Risk mitigation is critical, including plans to address unanticipated issues and potential patient disengagement due to technology challenges.
Budgeting and contracting often involve additional considerations, such as storage, training, and technical support requirements for connected devices.
Sites require adequate training to ensure staff and patients are prepared to use connected devices efficiently.
Companion applications or services often play an essential role in device functionality and data transmission.

Recommendations
Develop a clear plan for data pathways, including storage, security, and regulatory compliance.
Establish detailed risk mitigation and management strategies to handle unexpected challenges.
Ensure comprehensive training programs for site staff and patients to enhance device usability.
Incorporate device storage and resource allocation into budgeting and contracting processes.
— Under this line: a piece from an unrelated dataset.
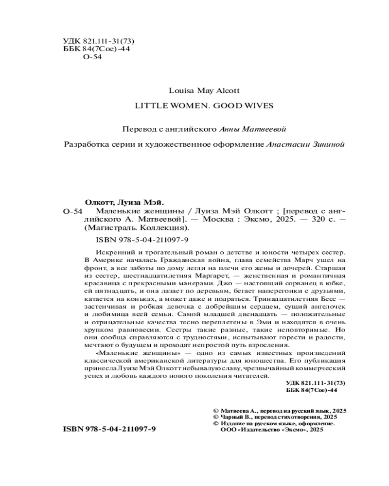 💳 Оплатить за товар можно при получении 🇰🇿 Есть бесплатная доставка по Казахстану от 1 дня 🎁 Копите бонусы с каждой покупки Серия: Магистраль. Коллекция Трогательная книга, которая читается с улыбкой на лице. Светлая история, которая вселяет надежду. Доброе чтение, которое отвлекает от бед и погружает в атмосферу уюта и тепла. Сюжет «Маленьких женщин» словно создан для моментов, когда очень хочется, чтобы жизнь наполнилась позитивными эмоциями. Олкотт писала о девушках и для девушек. На страницах этой книги юные красавицы увидят, как их ровесницы проживают актуальные для них проблемы, а молодые мамы снова окунутся в свое счастливое беззаботное детство, вспомнят свои веселые шалости, свою первую любовь. |

Facilitate effective communication with sponsors and vendors to resolve operational and technical issues promptly.

Regulatory Considerations
Ensure connected devices comply with CFR 21, Part 11, and other relevant data collection and transmission regulations.
Understand and adhere to local and regional data privacy laws, such as GDPR, when managing patient data.
Verify that appropriate licenses and regulatory approvals are in place for device data transmission and storage.
Assess and address shipping and handling regulations for devices, ensuring safe and compliant transportation.